インスタント マリッジ~取り急ぎ結婚ということで~
「なぁ、モモ。デートの予定もなくなったことだし、明日は一緒におばあちゃんのお見舞いに行こうか。この間は熱出して行きそびれただろ?」

せっかくの休日なのに谷口さんをデートに誘わなくていいのかと尋ねようかと思ったけど、尚史は尚史なりに私を気遣ってくれているのだろう。

それに尚史が言わないことを私からいちいち詮索するのもどうかと思うし、尚史はそういうことをされるのは面倒だといやがるはずだ。

だから私は素直にうなずいた。

「モモが無理して好きでもない男と結婚するより、元気な顔見せる方がおばあちゃんは喜ぶと俺は思う」

「……うん、そうだね」

光子おばあちゃんの願いを叶えてあげたいと言う気持ちはまだ捨てきれないけれど、尚史の言う通り、婚活に必死になるあまりお見舞いに行けなくなってしまったら、光子おばあちゃんに寂しい思いをさせてしまう。

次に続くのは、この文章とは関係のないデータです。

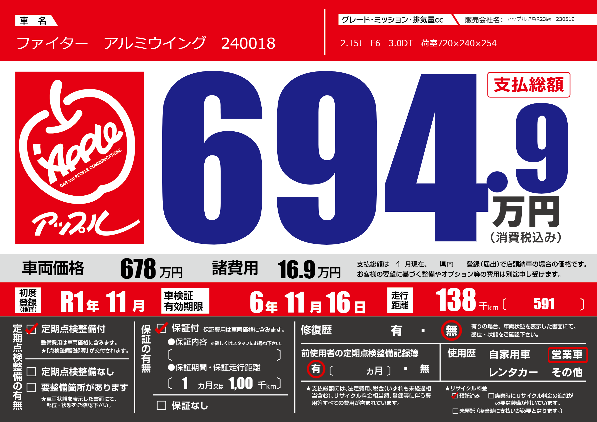 | 車名 | ファイター アルミウイング 240018 | グレード ミッション 排気量 |
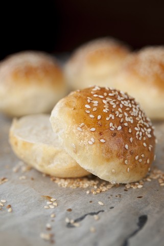 Varm opp melken til den er fingervarm. Hell den i en bolle og løs opp gjæren i den. Tilsett først salt, egg og olje og deretter melet litt om gangen. Elt det hele sammen til en smidig deig. La deigen heve tildekket på et lunt sted i ½ time. Vend den ut på en meldrysset benk og skjær den i 8 deler. Form hver del til en stor, flat bolle, ca. 1 cm tykk. La bollene etterheve i ½ time. Pensle dem forsiktig med egg og dryss med sesamfrø. Stek brødene i en 200° varm ovn i ca. 14 minutter.
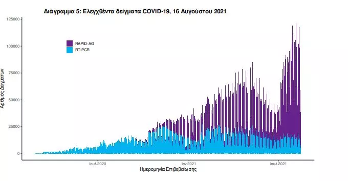 Δείγματα που έχουν ελεγχθεί: Από την 1η Ιανουαρίου 2020 μέχρι σήμερα, στα εργαστήρια που διενεργούν ελέγχους για τον νέο κορωνοϊό (SARS-CoV-2) και που δηλώνουν συστηματικά το σύνολο των δειγμάτων που ελέγχουν, έχουν συνολικά ελεγχθεί 5.996.157 κλινικά δείγματα ενώ από Μονάδες Υγείας και Κλιμάκια του ΕΟΔΥ που διενεργούν ελέγχους Rapid Ag έχουν ελεγχθεί 8.155.270 δείγματα. O μέσος όρος του επταημέρου είναι 86.557 δειγματοληπτικοί έλεγχοι.
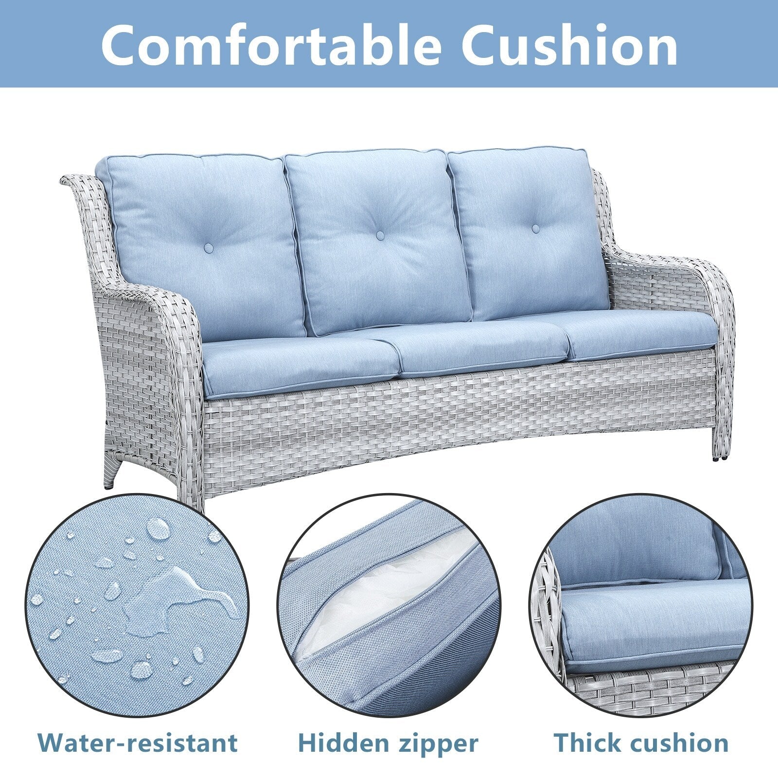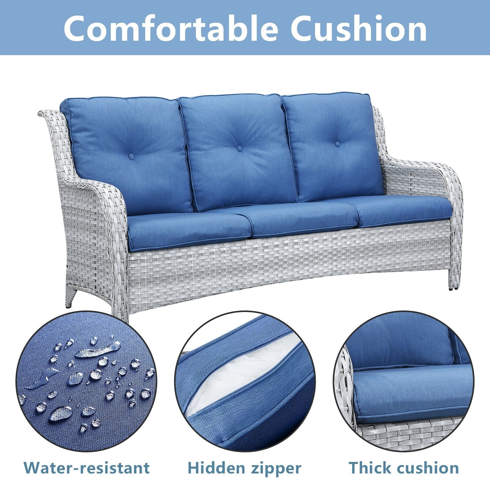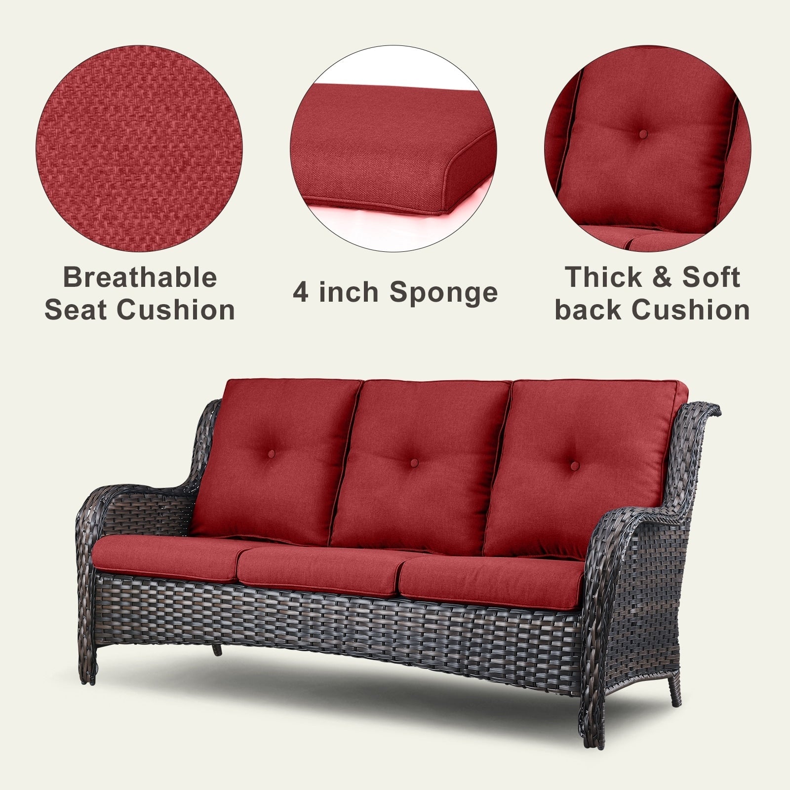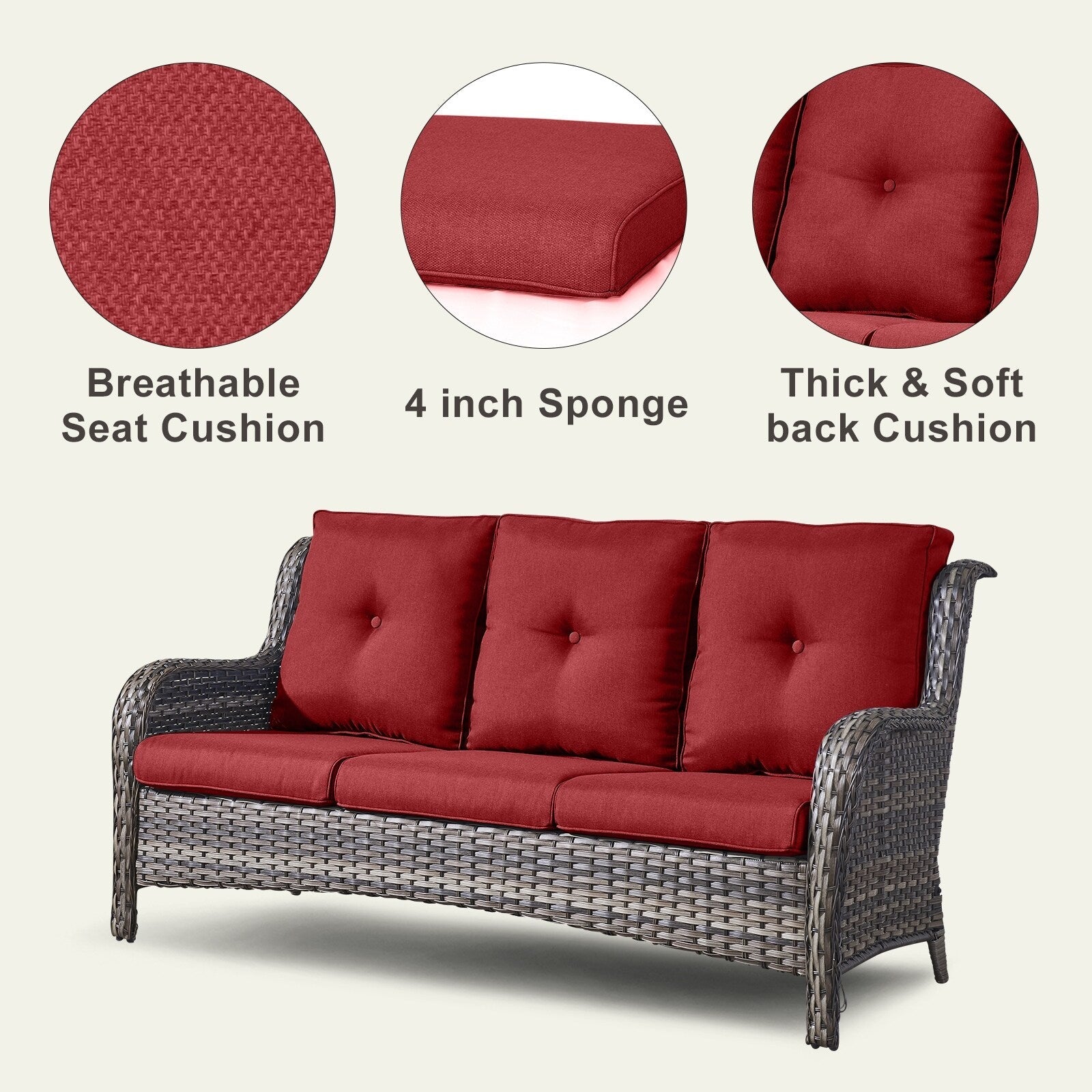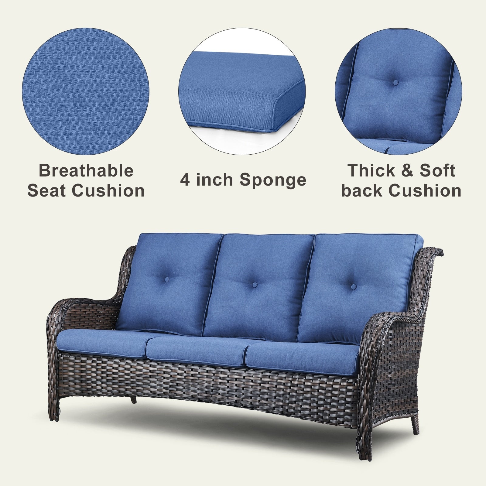 • Seduta profonda e cuscini confortevoli: sedute profonde e ampie con cuscini imbottiti in spugna spessi 10 cm. I cuscini offrono un'ottima elasticità, non si deformano o scivolano facilmente, proteggono la zona lombare e offrono una seduta confortevole.

今回の八坂さんとの一件で、とんでもないミラクルでも起こらない限り、今の私には到底結婚なんてできそうもないと身に染みた。

本物の花嫁になれるのはまだまだ先か、もしかしたら一生そんな日は来ないかも知れないから、花嫁姿は尚史と一緒にブライダルサロンで試着したときの写真で我慢してもらうしかなさそうだ。